» **WHAT IS BEING ASKED**
Only the lines from the one containing "- 9. Rosmarin" through the end of the data below are to be repeated, exactly as given, without pictures.

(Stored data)
= = = =

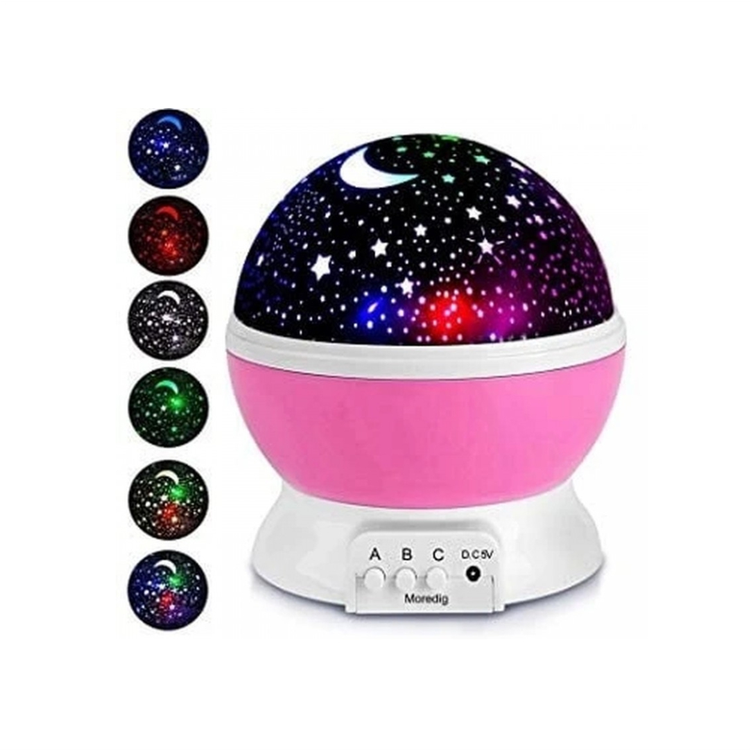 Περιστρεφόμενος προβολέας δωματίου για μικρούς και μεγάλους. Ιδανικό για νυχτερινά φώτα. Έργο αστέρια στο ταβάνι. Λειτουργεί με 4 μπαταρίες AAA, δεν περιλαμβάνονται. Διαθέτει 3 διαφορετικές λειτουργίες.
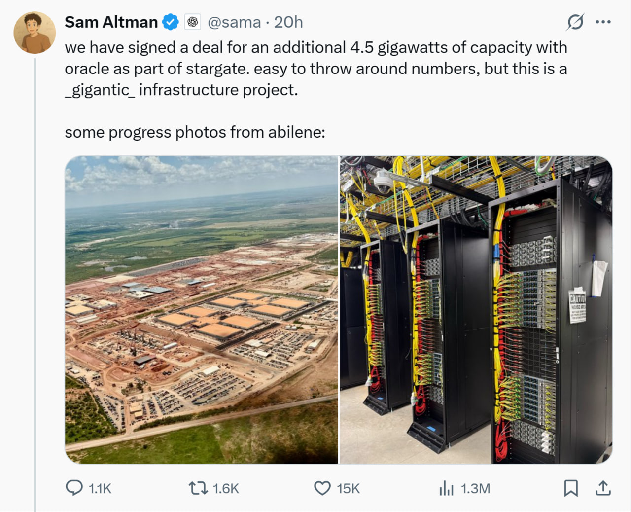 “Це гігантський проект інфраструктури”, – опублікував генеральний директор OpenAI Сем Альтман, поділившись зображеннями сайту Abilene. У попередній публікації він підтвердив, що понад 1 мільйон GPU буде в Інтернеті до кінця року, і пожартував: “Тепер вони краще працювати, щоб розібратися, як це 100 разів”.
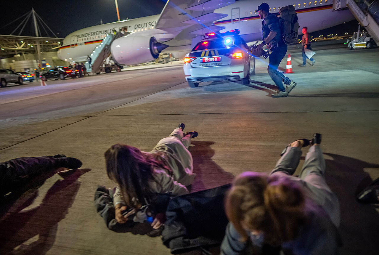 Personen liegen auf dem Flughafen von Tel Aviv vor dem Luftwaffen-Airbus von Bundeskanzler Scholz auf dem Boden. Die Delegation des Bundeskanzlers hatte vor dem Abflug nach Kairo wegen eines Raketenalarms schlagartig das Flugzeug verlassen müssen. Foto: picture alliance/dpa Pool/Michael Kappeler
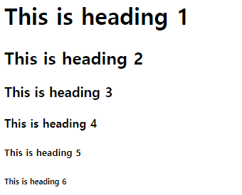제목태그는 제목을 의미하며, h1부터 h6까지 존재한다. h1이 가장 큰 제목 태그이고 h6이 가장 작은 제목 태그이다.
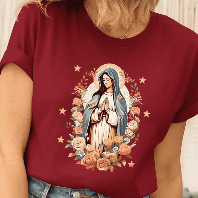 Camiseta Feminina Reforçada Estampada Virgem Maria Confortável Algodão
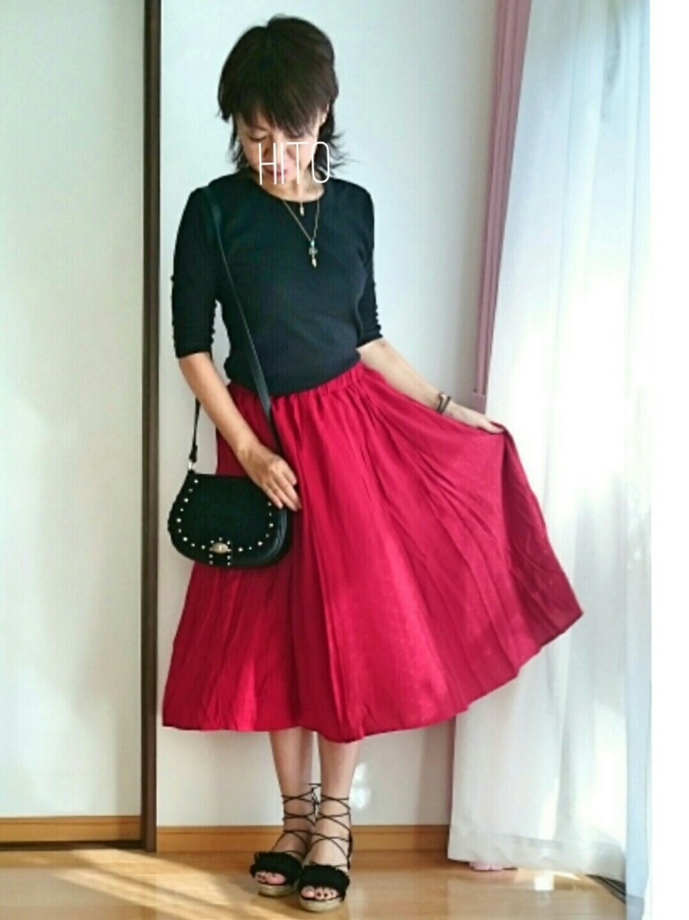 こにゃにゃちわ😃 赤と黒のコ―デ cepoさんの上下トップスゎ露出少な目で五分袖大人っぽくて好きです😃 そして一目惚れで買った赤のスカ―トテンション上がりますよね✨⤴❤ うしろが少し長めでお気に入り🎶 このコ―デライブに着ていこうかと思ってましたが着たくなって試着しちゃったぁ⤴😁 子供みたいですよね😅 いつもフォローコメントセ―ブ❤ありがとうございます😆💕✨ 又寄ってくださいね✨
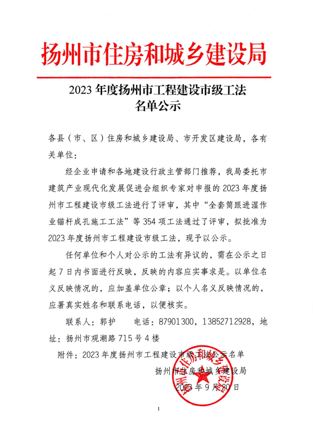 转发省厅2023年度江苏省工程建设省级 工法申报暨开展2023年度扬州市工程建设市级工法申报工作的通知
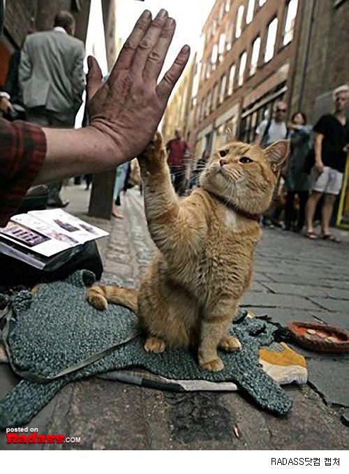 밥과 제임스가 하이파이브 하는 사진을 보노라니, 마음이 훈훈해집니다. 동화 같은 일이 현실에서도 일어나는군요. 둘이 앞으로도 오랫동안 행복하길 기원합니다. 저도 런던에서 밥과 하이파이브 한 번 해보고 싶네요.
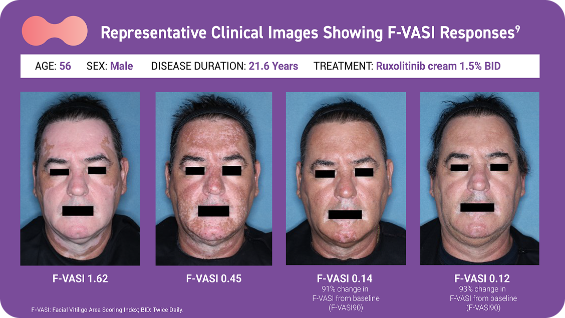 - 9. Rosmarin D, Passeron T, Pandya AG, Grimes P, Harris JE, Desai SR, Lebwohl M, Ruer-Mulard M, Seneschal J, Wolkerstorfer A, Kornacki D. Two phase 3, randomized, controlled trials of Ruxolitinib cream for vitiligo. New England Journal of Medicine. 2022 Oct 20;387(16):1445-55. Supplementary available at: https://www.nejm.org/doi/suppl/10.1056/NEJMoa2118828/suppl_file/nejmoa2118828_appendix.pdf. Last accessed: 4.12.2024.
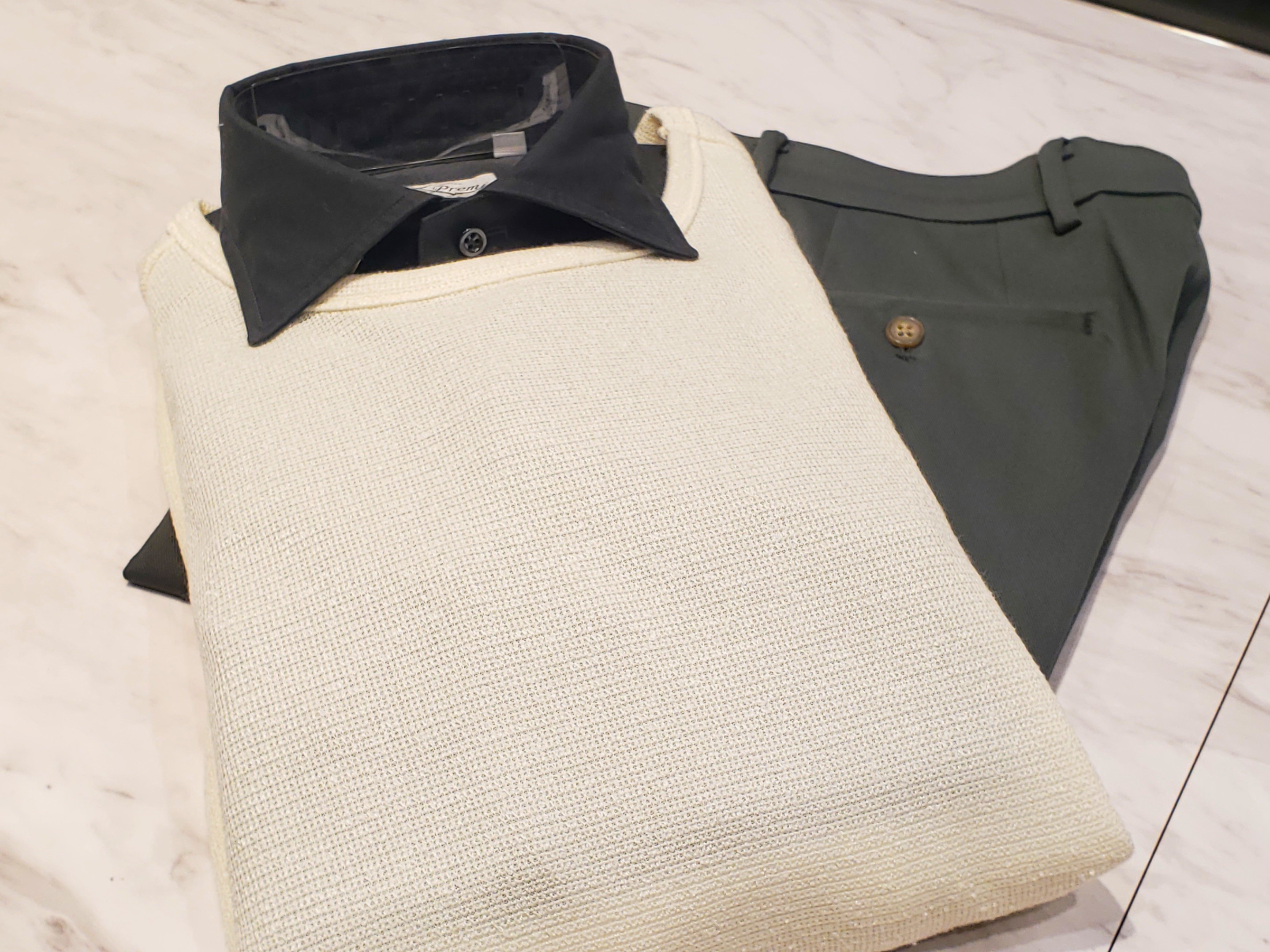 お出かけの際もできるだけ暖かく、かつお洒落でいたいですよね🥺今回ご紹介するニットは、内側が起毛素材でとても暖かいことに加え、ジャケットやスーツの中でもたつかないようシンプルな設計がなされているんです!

= = = =

» **EXERCISE RESPONSE**
 - 9. Rosmarin D, Passeron T, Pandya AG, Grimes P, Harris JE, Desai SR, Lebwohl M, Ruer-Mulard M, Seneschal J, Wolkerstorfer A, Kornacki D. Two phase 3, randomized, controlled trials of Ruxolitinib cream for vitiligo. New England Journal of Medicine. 2022 Oct 20;387(16):1445-55. Supplementary available at: https://www.nejm.org/doi/suppl/10.1056/NEJMoa2118828/suppl_file/nejmoa2118828_appendix.pdf. Last accessed: 4.12.2024.
 お出かけの際もできるだけ暖かく、かつお洒落でいたいですよね🥺今回ご紹介するニットは、内側が起毛素材でとても暖かいことに加え、ジャケットやスーツの中でもたつかないようシンプルな設計がなされているんです!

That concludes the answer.